La déclaration est, comme le Front National et les Les Pen nous ont habitué, sans demi-mesure. Mais si je trouve le terme d’allégeance trop fort, je suis assez d’accord sur ce passage de sa lettre : « La multiplicité des appartenances à d’autres nations contribue aujourd’hui, et d’une manière de plus en plus préoccupante, à affaiblir chez nos compatriotes l’acceptation d’une communauté de destin, et par là-même à miner les fondements de l’action de l’Etat. ».
Là encore, communauté de destin est un peu fort. Je sais que nombre d’entre vous se moquent complètement de ces histoires d’identité, et pourtant, un des problèmes de la France me semble être le fossé entre plusieurs tranches de sa population. Au-delà des classes sociales si chères à certains, il existe des communautés trop fortes et trop distinctes dans ce pays, qui nuisent à la possible fraternité de notre devise. Comment être le frère de quelqu’un avec qui l’on ne partage rien, si ce n’est une nationalité sur un papier officiel ?
Marine Le Pen prend l’exemple, très juste à mon goût, des matches. « L’échec patent de la double nationalité s’est affiché jusque dans diverses rencontres sportives récentes, à la suite desquelles de jeunes Français binationaux ne brandissaient pas notre drapeau tricolore, mais la bannière d’une autre nation. Ces soirs-là, nombre de nos compatriotes furent légitimement choqués. »
Je sais aussi que vous vous moquez du drapeau, mais il reste un des symboles les plus forts d’une nation.

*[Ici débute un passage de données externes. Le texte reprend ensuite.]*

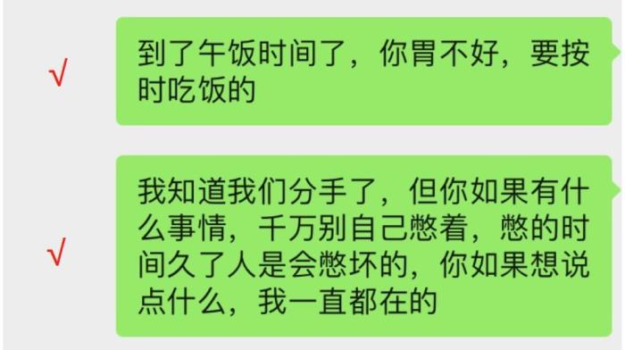 到了午饭时间了,你胃不好,要按时吃饭的(目的1达成),或者:我知道我们分手了,但你如果有什么事情,千万别自己憋着,憋的时间久了人是会憋坏的,你如果想说点什么,我一直都在的(目的2达成)。

Je n’ai pas été choqué quand j’ai vu ces autres drapeaux brandis, l’habitude sans doute, mais cela renforce cette impression qu’en France vivent plusieurs communautés à l’identité propre, qui ne vivront jamais ensemble, qui ne le veulent pas.
« Comptant sur votre bon sens et la sincérité de votre implication en faveur de l’unité nationale, je vous appelle à prendre en compte une évolution de notre droit qui rencontre aujourd’hui l’adhésion d’une large majorité de nos compatriotes, y compris et peut-être même surtout de nos compatriotes d’origine étrangère qui ont fait le choix de devenir français à part entière et de renoncer à leur ancienne nationalité. «
Je pense qu’abandonner la double nationalité n’est pas abandonner son identité d’origine, c’est affirmer sa volonté de s’investir dans un autre pays. Cela ne coupe en rien les liens que cette personne peut avoir avec son pays d’origine. Par contre, cela l’engage plus fortement à défendre les valeurs françaises. Vous me direz qu’alors, ces personnes resteront attachées à leur origine qu’importe leur nationalité officielle, mais je pense que c’est un pas à franchir. Elles continueront de brandir des drapeaux autres que tricolores mais j’espère que petit à petit, cela contribuera à réduire ce fossé, et à permettre à la communauté française de s’affirmer comme la seule à exister dans ce pays.
La présidente du FN conclut ainsi « La France souffre de l’absence de débats sur les sujets essentiels que d’autres pays pourtant abordent de front, sur l’euro ou le libre-échange par exemple. J’espère que le débat sur la double nationalité pourra échapper à cette règle délétère. ».
Je ne sais si c’est un sujet essentiel, mais c’est un sujet qui a son importance. Et comme beaucoup, ils sont requalifiés de débats juste bon à faire parler des racistes. C’est dommage. On verra les réactions des députés, mais je pense qu’elles sont prévisibles.